Similarly, Customs also recognizes the administrative difficulty in tracking the cost of a specific U.S. part sent abroad to be incorporated in a returned article, when numerous parts are sent abroad and returned on a continuing basis. As a result, based on recognition of these tracking difficulties, under certain circumstances Customs will accept as the "cost of the components when last purchased" under 19 CFR 10.17, a value determined through a methodology which establishes, to Customs satisfaction, that it is the best evidence available of the actual price of the components, at date of exportation, in lieu of a method of direct identification of the cost of the specific U.S. component. Such system must be based on actual prices, and any subheading

9802.00.80 claim which is based on a method involving averages or estimates, or other accounting procedures, such as LIFO, or FIFO, will not be acceptable.

Customs believes that the facts in the instant case warrant substitution of an acceptable method of determining the "cost of the components when last purchased", in lieu of identifying the specific cost for each component. We also find that the methods proposed in both Ruling Requests # 1 and #2 are acceptable methods for determining the cost of the U.S. components under 19 CFR 10.17. Our acceptance is necessarily based on the maintenance of reliable controls so that the system operates as intended, and that invoices, prices, and changes in turnaround time are updated in a timely fashion. In this regard, the Office of Regulatory Audit, or other Customs office, may be required to verify the required controls, and to ensure compliance with record-keeping requirements. It is further noted that our decision in this matter involves only a determination of the cost of U.S. components for subheading 9802.00.80, HTSUS, purposes. Any other issues which may arise under HTSUS subheading 9802.00.80, such as commingling of U.S. and foreign components, which may cause denial of a claim under subheading 9802.00.80, is beyond the scope of this ruling. In this regard, eligibility for the exemption is also dependent upon the submission of the required documentation, in accordance with 19 CFR 10.24.
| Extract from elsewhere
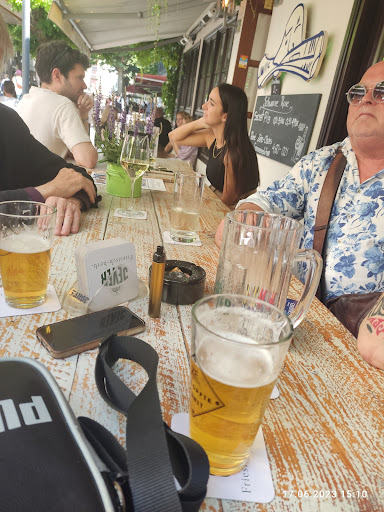 Great outdoor area in a pedestrian zone, with a more unique approach to ordering food. The 🦆 (Ente), as most locals call it by its short form, is a great place, especially in the warmer months of the year. (This review will mostly be about the outdoor area.) The Zeitungsente itself only offers drinks, but they have menu, from which you can order from the sourrounding restaurants. You can even order from any other restaurants or bring fiod yourself and eat it there. The waiter will oder for you, if you order something from "their" menu. Only real drawback in my eyes and the reason why the 🦆 is not for me in the colder months; the indoor space is a smoking area. I am myself a smoker but after a while and especially if more and more people visit it, the air can get very stuffy. But as I mentioned earlier, I really like the outdoor area with the long benches, good drinks and a cool approach to providing food for you customers. In my opinion, if it's a bit warmer, or cold weather don't bother you, it's a really great place to visit and enjoy...

Where large quantities of U.S. components purchased from various sources are exported from various ports on a continuous basis, so that it is impractical to determine the specific price for each particular component, Customs may accept, for purposes of determining "the cost of the components when last purchased" under 19 CFR 10.17, a price application methodology which uses 1) an automated system based on the manufacturer's payment invoices and an average turnaround time for the particular part; or 2) a manual system based on the manufacturer's actual prices updated monthly or quarterly, and an average turnaround time, depending on the type of component involved.
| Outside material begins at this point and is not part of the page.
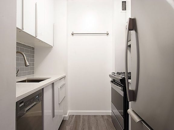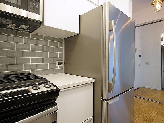 Step into this south facing sun filled newly renovated junior 1 Bedroom and enjoy the luxury of a private balcony, mint galley kitchen, hard wood floors, marble bathroom, and ample closet space.

The systems to be employed will be subject to verification by the Office of Regulatory Audit, or other Customs office, to ensure that actual prices are being utilized, that such prices are being updated in a timely manner, and that turnaround times are appropriate for specific components. It is further noted that any claim under subheading 9802.00.80, HTSUS, in addition to satisfying the eligibility requirements of the statute, must also satisfy the
documentary requirements of 19 CFR 10.24, before a determination is made as to cost or value under 19 CFR 10.17.